Gakuen Alice, vol. 1

By Tachibana Higuchi
Released in the US by TokyoPop

Slugline: A happy, fun-filled tale of an authoritarian government exploiting children for the good of the state and favored corporations.

Mikan's best friend Hotaru has been recruited for the government school for Alices, special geniuses who are educated separately from other students in Tokyo. Just as an aside, they call students Alices, even the boys. Why not call them Alans, let them retain their gender identity at least. Oh wait, I forgot, this is Japan. Never mind. Mikan is depressed and alone in her school, but when discovers that Hotaru went to the Alice school because the payment for her going to the school would keep her and Mikan's old school open. So yeah, the government is now buying kids, nice. Once Mikan learns that, she decides that she has to see Hotaru at the Alice school, and runs away from home to Tokyo to see Hotaru. Once there, one of the teacher's talks to her on the sidewalk outside of the vast walled compound where the Alice live and learn, and invite Mikan to join them. Once he prevents one of the Alices from escaping. Once inside Mikan learns that the Alices are not only geniuses, but many of them have extranormal abilities such as mind reading and pryokinesis. Mikan is normal, so she is mystified on why she was invited to join, but is happy to be reunited with Hotaru. Through a series of challenges laid out by pyrokinetic boy, a fellow student in her class, Mikan discovers that her ability is to be normal, as in to shut down other Alice's powers.

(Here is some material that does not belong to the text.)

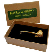 Brought to you by the brand Bassin and Brown, this gold men's smoking pipe tie bar is made from gold plate. It measures 4.5cm(height). All the tie clips come complete in bassin and brown recyclable box. The Bassin and Brown Smoking Pipe Tie Bar - Gold is a highly detailed masterpiece. This would be an impeccable gift for those vintage lovers or pipe smokers in general. Add a touch of uniqueness to your attire and stand out from the crowd.

I snark, but there is a sad little subtext running through the title, of kids under the control of the government for their own good, and for the good of the nation. And its economy. I'm not sure what it reveals more of, I or the society of Japan. This title is fairly predictable, I could tell what Mikan's ability within a couple of her pages of her meeting the teacher that admits her. But it is a solid kid's tale, which makes me wonder why it is rated for 13+. No major plot holes that you could drive a bus through, though once again the fact that being a parent is one of the most dangerous jobs in Japan is proven here, because Mikan is living with her grandfather, who doesn't seem to panic too much that his pre-teen daughter has run off to the big city.

Gakuen Alice, vol. 1 is also available from Right Stuf, Intl., an online retailer specializing in anime and manga.



Anonymous said...

I have to agree that this is not one of my favorite volumes of Gakuen Alice. In fact, I don't even like the story until volume 7 (does it really take that long to get to a good part?) I think it would've helped if the children were older. The art also doesn't get really pretty until volume 9!

Prospero's Manga said...

Wow. That is the one of the downsides of how Japanese manga is made, there is no real way to skip ahead to the good stuff, or when the creators really find their groove and everything starts clicking.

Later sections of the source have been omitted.